O wybudowaniu skoczni mamuciej w Finlandii mówi się od kilku lat, a plany rysują się coraz wyraźniejsze. Pośród światowej czołówki skoków narciarskich Finlandia jest jedynym krajem, który nie posiada obiektu do lotów - Niemcy mają Oberstdorf, Austriacy Kulm, Norwegia Vikersund. Lata się też w słoweńskiej Planicy, czeskim Harrachovie, a nawet amerykańskim Ironwood. Podstawowym problemem jest ukształtowanie terenu, które nie pozwala nawet na wybudowanie naturalnej skoczni w rozmiarach ogólnie spotykanych: w Finlandii po prostu nie ma gór. Mimo tej niedogodności Finowie postanowili postawić u siebie skocznię, na której będzie można latać, a na lokalizację wybrano leżące aż w Laponii miasto Kemijärvi.

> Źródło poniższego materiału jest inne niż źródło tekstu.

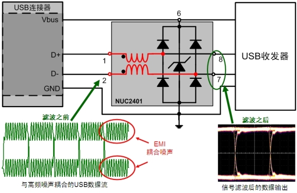 圖5:帶超低電容ESD保護的集成CMC濾波器NUF2401MN用于USB2.0等高速應(yīng)用。
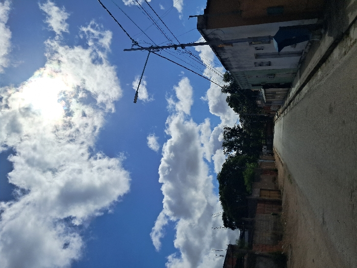 This image depicts a street scene in the city of La Guardia, Venezuela, on a bright, partly cloudy day. The view is looking down a paved, unoccluded road that recedes into the distance. The sky is a clear blue, interspersed with numerous white cumulus clouds, and the sun is prominently visible in the upper right quadrant, partially obscured by clouds, casting a strong glare. On the left side of the road, a dirt shoulder precedes a series of low, unpainted concrete block walls, some topped with exposed rebar. Beyond these walls, dense green foliage and trees are visible, obscuring any structures behind them. The right side of the road features a narrow concrete sidewalk bordering a row of single-story buildings. These structures display varied facades, some appearing weathered with peeling paint (e.g., light green, faded orange-brown), and feature small windows or doors. A dark utility pole with an attached streetlamp extends into the frame from the right, supporting multiple overhead power lines that run diagonally across the upper right portion of the image. A dark blue utility box is mounted on the exterior wall of one of the buildings on the right. The road appears devoid of pedestrian or vehicular traffic.
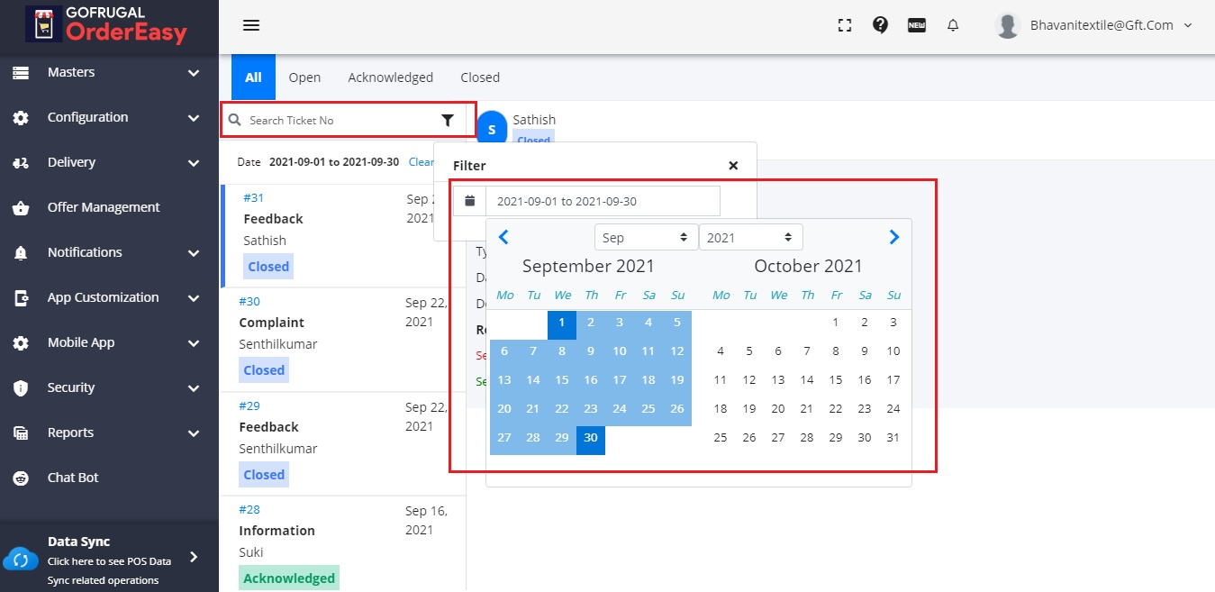 Note : We can use the filter option under every tab to search by Ticket No. Also, a date filter can be applied.

Budżet projektu wynosi 10 milionów euro. Burmistrz Kemijärvi, Timo E. Korva, wystąpił z petycją o objęcie przedsięwzięcia programem rządowym oraz dotację 7 milionów euro z ministerstwa edukacji i ministerstwa pracy. Według Korvy do końca lutego zostanie przedstawiony ministerstwom szczegółowy projekt, na podstawie którego zapadnie decyzja o możliwym dofinansowaniu. Jeśli dojdzie to do skutku, budowę będzie można rozpocząć w roku 2010. Skocznia ma zostać pokryta igelitem, co umożliwi oddawanie skoków nie tylko zimą.

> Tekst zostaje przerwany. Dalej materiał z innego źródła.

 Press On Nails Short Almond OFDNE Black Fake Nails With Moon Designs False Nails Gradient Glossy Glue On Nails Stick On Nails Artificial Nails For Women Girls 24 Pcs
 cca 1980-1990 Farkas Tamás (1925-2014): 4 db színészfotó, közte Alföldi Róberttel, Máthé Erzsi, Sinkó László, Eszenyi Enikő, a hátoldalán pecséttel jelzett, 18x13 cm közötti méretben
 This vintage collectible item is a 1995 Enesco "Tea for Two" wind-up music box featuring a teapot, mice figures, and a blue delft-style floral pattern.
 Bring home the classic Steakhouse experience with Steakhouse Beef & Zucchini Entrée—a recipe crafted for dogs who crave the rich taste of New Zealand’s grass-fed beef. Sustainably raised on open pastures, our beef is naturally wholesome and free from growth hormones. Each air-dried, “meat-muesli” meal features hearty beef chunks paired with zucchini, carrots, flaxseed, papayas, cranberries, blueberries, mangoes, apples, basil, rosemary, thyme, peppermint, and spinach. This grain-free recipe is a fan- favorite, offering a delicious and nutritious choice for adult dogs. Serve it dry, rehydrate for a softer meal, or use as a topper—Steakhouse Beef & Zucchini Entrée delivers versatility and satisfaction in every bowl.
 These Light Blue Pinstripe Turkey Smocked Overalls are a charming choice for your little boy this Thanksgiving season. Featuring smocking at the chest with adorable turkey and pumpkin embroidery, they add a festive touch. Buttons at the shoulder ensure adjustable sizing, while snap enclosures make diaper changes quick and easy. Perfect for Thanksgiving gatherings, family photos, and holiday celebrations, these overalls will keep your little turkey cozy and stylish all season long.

Sami skoczkowie stosunkują się do idei pozytywnie. "To dobry pomysł, choć już nie zdążę się tym obiektem nacieszyć" mówi Janne Ahonen. Matti Hautamäki wypowiada się w podobnym tonie: "W tej chwili na mamutach można skakać tylko podczas zawodów, więc treningowej korzyści nie będzie wiele, niemniej pomysł jest naprawdę świetny." Na wniosek Fińskiego Związku Narciarskiego FIS gotowy jest jednak wprowadzić zmiany do regulaminu i zezwolić na oddawanie skoków treningowych na skoczniach mamucich, jeśli obiekt zostanie pokryty igelitem.